Saying “Thank you” to something or ignoring it will bring a very different reflection. There was an interesting experiment for a summer holiday project done by a boy in the first grade of elementary school. He examined what would happen to rice if he said “thank you” to it everyday and if he ignored. He put freshly cooked rice into two small pots and put lids onto both of them. He wrote “thank you” on one pot and “ignore” on another. Twenty days later, the “thank you” rice maintained its appearance and the “ignore” rice was rotten. A month later, the “thank you” rice was still had the same appearance while the “ignore” rice was like goo. Forty days later, the “thank you” rice almost had not changed while the “ignore” rice had become a liquid. As the summer vacation ended, he stopped this experiment but his mother continued it instead. One day, accidentally both pots dropped on the floor. Then “ignore” pot cracked and terrible smell came out but “thank you” pot did not crack. Five months later, she opened the pot and it was still not rotten but had merely changed its color from white to ivory and fermented. Finally, she buried it into ground. This boy came to the conclusion that “Thank you” is an important word to say and how cruel ignorance is.

Applying what we learnt from this experiment to environmental destruction, species ignored by human-beings, who have regarded other species objectively as “others”, are being killed.
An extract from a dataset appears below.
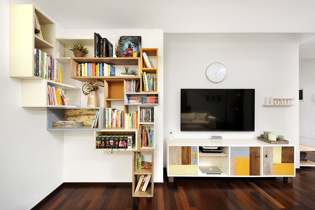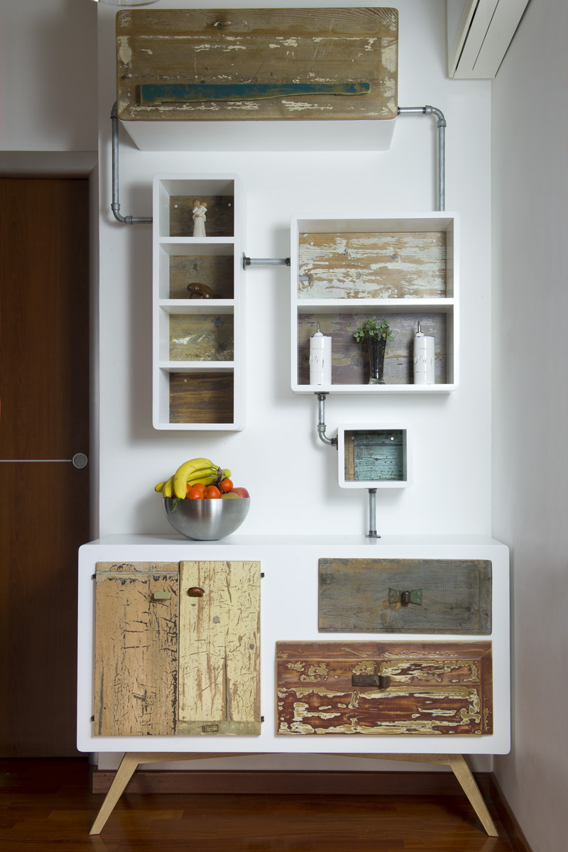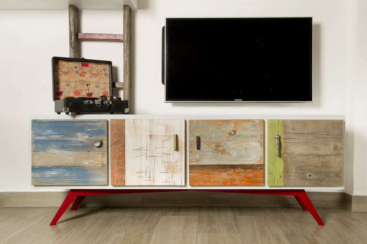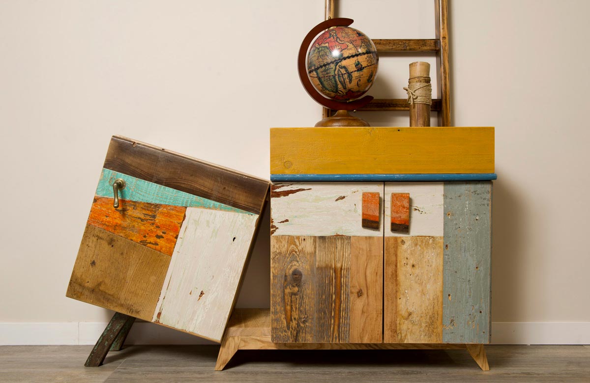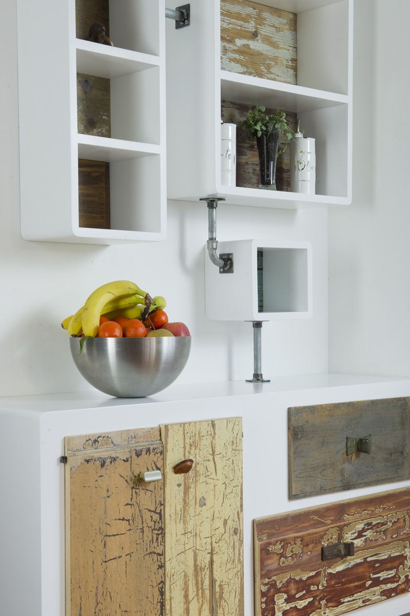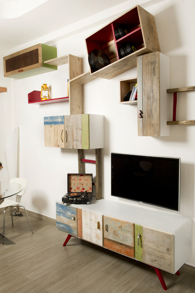 Anche qui utilizziamo diversi tipi di materiali, spaziando dal legno massello a quello di recupero, dai metalli fino alle stoffe. La struttura di queste libreria a giorno con moduli con sportelli in legno di recupero, può essere creata con tondini di ferro pieno ma anche con strutture in legno.

Human-beings have been the only subject of this planet for a long period of time. Through this period, we have destroyed ecological system entirely. What has been done is act of “ignorance” of “others”. We continue cutting off trees until forests have become deserts, we create genetically modified food and we spread pesticide in order to feed ourselves effectively. When bears came down from the mountains to our streets because we deprived them of their shelters, we killed them in order to protect our daily lives. As long as we continue to ignore the existence of “others”, environmental destruction will continue to accelerate.

 

Works Cited

Latour, Bruno. Agency at the Time of the Anthropocene. New Literary History 45, 1 (Winter 2014): 1-18.
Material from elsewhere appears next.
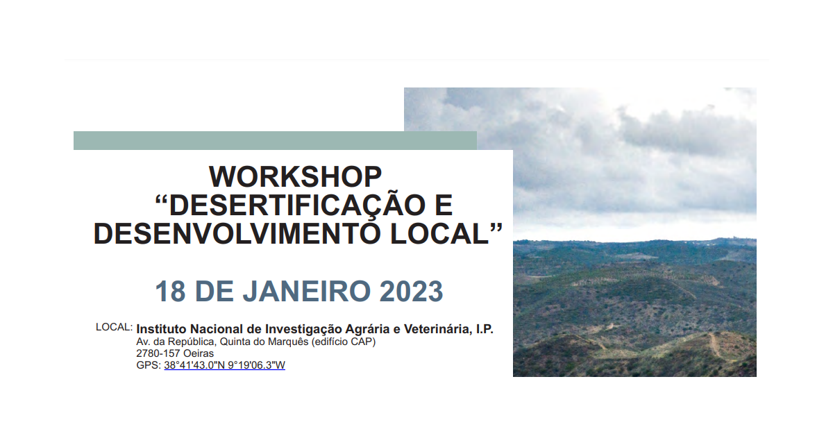 Realiza-se no próximo dia 18 de janeiro, no INIAV, em Oeiras, o workshop “Desertificação e Desenvolvimento Local”, no âmbito do projeto “Dinâmicas, condicionantes e potencialidades dos territórios rurais de baixa densidade demográfica e elevado risco de desertificação”.

yuko. “Thank you and Ignorance”. Gifted. Cyber Agent, 15 Sep. 2015. Web. 4 Dec. 2015.

Comments

Anne Dalke's picture

paddington--
I'm liking very much the two concrete, culturally local practices that you evoke here as examples of ecological intelligence in action: first the Japanese practice of saying “Itadakimasu” and “Gochisousama,” which has been misunderstood as human-centric ("thanks to people who cooked those food"), rather than as "expresing gratitude to plants and animals, which became food"; and secondly, the extended experiment with "thanking" the rice, conducted by the little boy and his mother.

My question now would be whether you'd like to revise this paper to consider the application of such practices @ Bryn Mawr: how might we practice less “ignorance” of “others” on campus, acknowledging instead our shared "shape-changing destiny"? Might your decision to live off campus next semester an example of such a practice? If so, in what ways?